Comcast's acquisition of StickyAds signals that the company is getting serious about programmatic advertising and that programmatic transactions have a critical role in the future of video advertising. The acquisition also signals that Comcast may be trying to follow Google's playbook of building a fully integrated monetization solution for publishers. The strategy is sound, but Comcast should learn from Google's tactical stumbles and embrace unified yield management before header bidding infiltrates the video advertising world.
Owning The Stack
The parallels between Google's display ad stack and Comcast's video ad stack are striking. Both companies entered the monetization space by acquiring the dominant publisher ad server -- DoubleClick for Google's display stack and Freewheel for Comcast's video stack. Both companies then extended their monetization solutions by acquiring a programmatic ad exchange -- AdMeld (now DoubleClick AdExchange) for Google and StickyAds for Comcast.
The final solution is a two-pronged monetization platform for publishers -- reservation-based ad serving to manage direct sold campaigns coupled with auction-based monetization to capture programmatic demand. Google has extended its stack even further by building proprietary programmatic demand through its DSP (DoubleClick Bid Manager) and ad network (AdWords). Perhaps Comcast will do the same.
The Power of "Other"
What's not to love about a fully integrated monetization solution? It turns out there are a lot of programmatic buyers with a lot of spending power who want to transact outside Google's programmatic marketplace. This "other" category includes independent ad exchanges like Rubicon, AppNexus, and Index as well as performance marketing businesses like Criteo and Amazon. Individually, none of these can deliver Google's programmatic scale, but collectively they represent a major revenue stream for publishers.

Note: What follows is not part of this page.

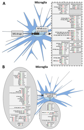 Because the outside-in model has been the norm for a long time, the currently available MS drugs approved by the Food and Drug Administration (FDA) have been mainly designed to target various cell types within the peripheral immune system [11] and most drug-impact studies have been directed towards their peripheral effects on the cells of the adaptive immune system [12]. However, it is likely that the MS drugs also affect (innate) CNS cells and the molecular cascades associated with neuroinflammation, since most genes that are dysregulated in MS-peripheral immune cells are also expressed in microglia [13]. MS drug effects on CNS pathology have been mostly studied in humans and animals on the basis of the clinical features of disease progression, magnetic resonance imaging (MRI) measures, and blood or cerebrospinal fluid (CSF) levels of biomarkers for demyelination and neuronal degeneration [14,15,16]. For this reason, we set out to review studies assessing at the molecular level, the effects of MS drugs on the pathways operational in CNS cells.

These programmatic demand sources have shoehorned themselves into DoubleClick's ad serving logic in awkward ways that either leave money on the table for publisher yield teams or create a trafficking nightmare for publisher ad ops teams. Just try reading the first paragraph of this header bidding primer to get a sense for the complexity. This is no way to run a business
In response to the overwhelming cry from publishers to fix this mess, Google recently announced that it would allow third party ad exchanges to properly integrate into the ad serving process through a feature called Dynamic Allocation. The release is still pre-alpha, and details are sketchy, but the move points to a future where all programmatic demand is treated equally by the publisher's ad server. This is a significant capitulation that highlights the power of "other."

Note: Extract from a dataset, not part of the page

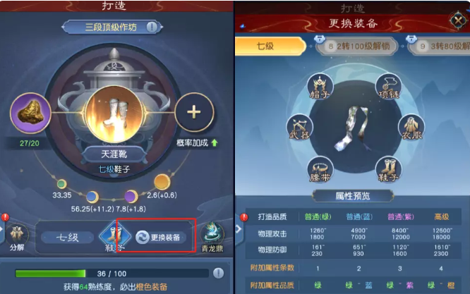 如果对这里最终呈现出来的属性不是很满意的话,就可以及时进行更换了,从中选择其他的装备进行制造。同时橙色装备通过打造呈现出来的基础属性是不一样的,所以各位一定要先了解清楚再制作。

Building an integrated tech stack is a compelling vision for Comcast's video advertising business. Comcast should charge ahead with creating an unfair advantage for StickyAds. Perhaps Comcast can implement one-button programmatic setup in FreeWheel, making StickyAds the easiest programmatic channel for video publishers. Maybe they will acquire proprietary video demand, making StickyAds the best monetized programmatic video channel. Comcast might even consider waiving some fees for impressions monetized through its ad tech stack, making StickyAds the most cost efficient source of programmatic video demand.
But Comcast should not attempt to sideline "other" programmatic channels. Just like display, there are major video buyers who will want to transact outside Comcast's programmatic marketplace. Google's missteps in the display market showcase publishers' commitment to working with diverse programmatic demand sources. Equally, Google's capitulation to header bidding sets a new precedent for programmatic access. Comcast has a narrow window to provide a unified yield solution for video publishers. If they don't, Google will.